• **WHAT THE TASK REQUIRES**
With pictures excluded, output exactly the lines that run from the first line of the data below through the line containing "1 rekke fra".

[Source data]
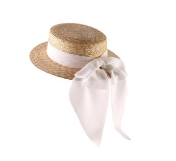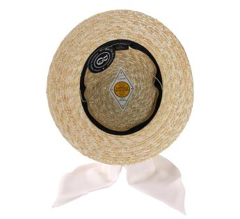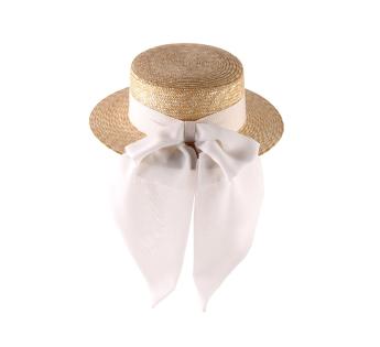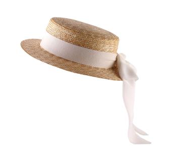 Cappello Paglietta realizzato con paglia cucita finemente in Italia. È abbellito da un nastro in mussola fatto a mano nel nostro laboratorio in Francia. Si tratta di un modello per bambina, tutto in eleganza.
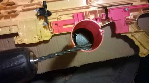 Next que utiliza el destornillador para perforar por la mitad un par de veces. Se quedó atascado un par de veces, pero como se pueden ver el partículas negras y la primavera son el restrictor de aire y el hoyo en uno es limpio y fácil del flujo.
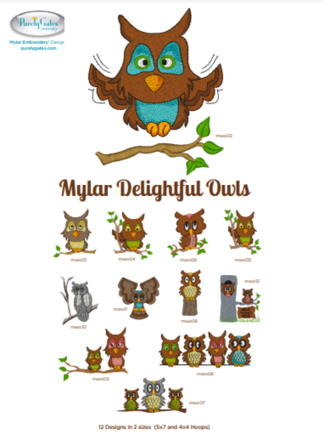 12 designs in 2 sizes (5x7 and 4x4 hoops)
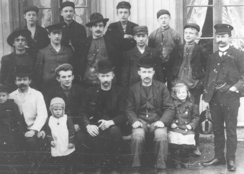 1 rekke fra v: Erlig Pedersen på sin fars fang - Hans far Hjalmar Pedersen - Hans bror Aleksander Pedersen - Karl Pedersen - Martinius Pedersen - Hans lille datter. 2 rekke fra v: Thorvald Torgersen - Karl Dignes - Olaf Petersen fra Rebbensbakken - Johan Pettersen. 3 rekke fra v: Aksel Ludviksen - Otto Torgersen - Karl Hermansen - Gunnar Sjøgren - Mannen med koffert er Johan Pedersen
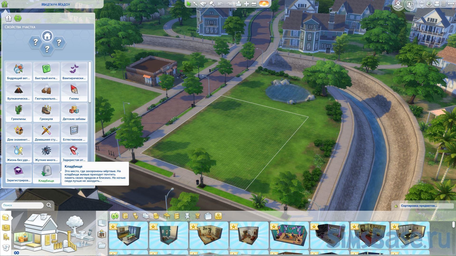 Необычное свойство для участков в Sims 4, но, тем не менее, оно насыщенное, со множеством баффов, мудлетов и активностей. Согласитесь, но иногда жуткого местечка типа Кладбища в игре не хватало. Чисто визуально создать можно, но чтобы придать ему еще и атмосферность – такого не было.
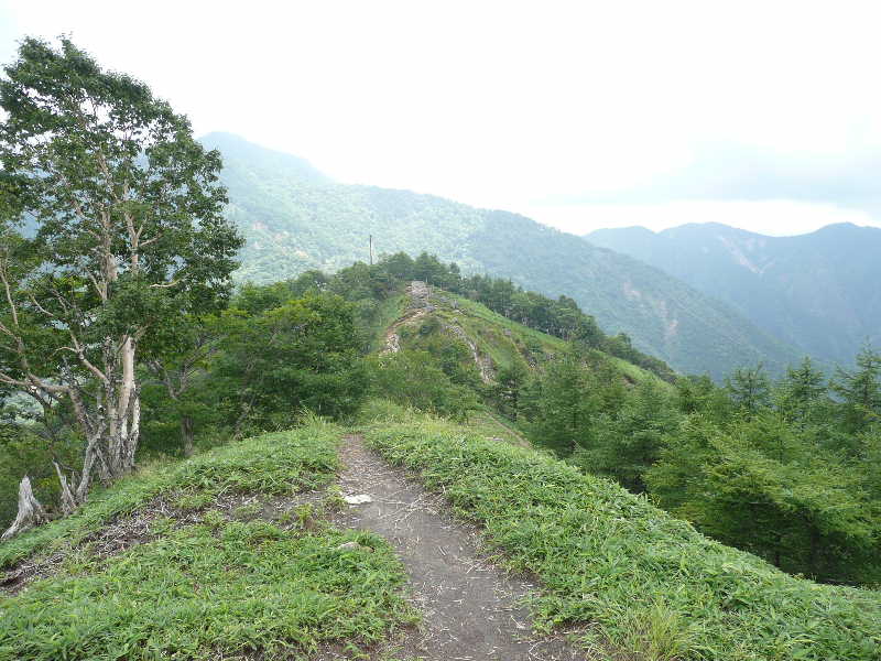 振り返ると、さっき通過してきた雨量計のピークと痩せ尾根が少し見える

• **SOLUTION**
 Cappello Paglietta realizzato con paglia cucita finemente in Italia. È abbellito da un nastro in mussola fatto a mano nel nostro laboratorio in Francia. Si tratta di un modello per bambina, tutto in eleganza.
 Next que utiliza el destornillador para perforar por la mitad un par de veces. Se quedó atascado un par de veces, pero como se pueden ver el partículas negras y la primavera son el restrictor de aire y el hoyo en uno es limpio y fácil del flujo.
 12 designs in 2 sizes (5x7 and 4x4 hoops)
 1 rekke fra v: Erlig Pedersen på sin fars fang - Hans far Hjalmar Pedersen - Hans bror Aleksander Pedersen - Karl Pedersen - Martinius Pedersen - Hans lille datter. 2 rekke fra v: Thorvald Torgersen - Karl Dignes - Olaf Petersen fra Rebbensbakken - Johan Pettersen. 3 rekke fra v: Aksel Ludviksen - Otto Torgersen - Karl Hermansen - Gunnar Sjøgren - Mannen med koffert er Johan Pedersen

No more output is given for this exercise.